This chapter focuses on four famous clothier families, whose members amassed huge fortunes and left lasting legacies to their communities. Thomas Paycocke of Coggeshall in Essex, who came from a family of butchers and cloth-makers, created a magnificent house which is now a National Trust property. The Springs were three generations of clothiers, all called Thomas, whose wealth made Lavenham in Suffolk one of the richest towns in England in 1524, and who were major contributors to the rebuilding of Lavenham parish church. Father and son John Winchcombe I and II of Newbury occupied a substantial house within the town, were large-scale producers of kerseys, and were commemorated a generation later in Thomas Deloney's poem ‘Jack of Newbury’. William Stumpe set up looms in the buildings of the former abbey in Malmesbury, and gave the abbey church to become the town's parish church.
THOMAS PAYCOCKE OF COGGESHALL
For his beautiful house still stood in West Street, opposite the vicarage, and was the delight of all who saw it.

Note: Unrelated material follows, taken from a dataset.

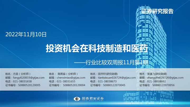 【国泰君安证券】【20221110】行业比较双周报11月第1期:投资机会在科技制造和医药-35页
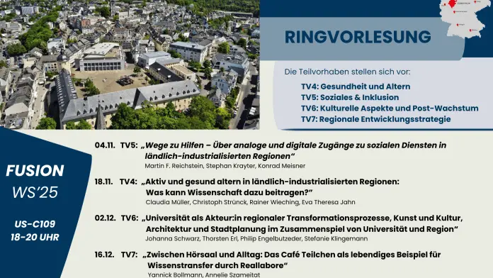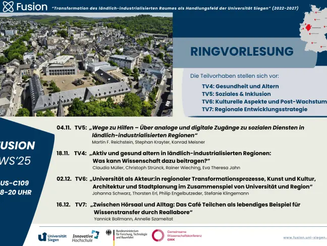 The University of Siegen offers lecture series on the topic "Transformation of rural-industrialized areas as a field of action for the University of Siegen". The target group is all interested parties!

It stands there still, and looking upon it to-day, and thinking of Thomas Paycocke who once dwelt in it, do there not come to mind the famous words of Ecclesiasticus? ‘Let us now praise famous men and our fathers that begat us …’
Eileen Power, ‘Thomas Paycocke of Coggeshall’ (1924)With the pride and ostentation of a peacock, Thomas Paycocke's ornate timber-framed house at Coggeshall still catches the eye, five centuries after its construction (Plate VIII). The metaphor is apt as the family name Paycocke was variously spelt Peaycocke, Pecock, and Peacock, and this may be the species of bird carved on the exterior of his house. Indeed his merchant's mark, which also decorates the house, although described variously as a trefoil of pearls or berries, a two-stemmed clover, or an ermine tail, might, with a stretch of the imagination, be a stylised representation of peacock feathers (Plate 14). Paycocke's house has attracted generations of admirers, including Noel Buxton, who restored the property to its original timbered appearance and presented it to the National Trust in 1920.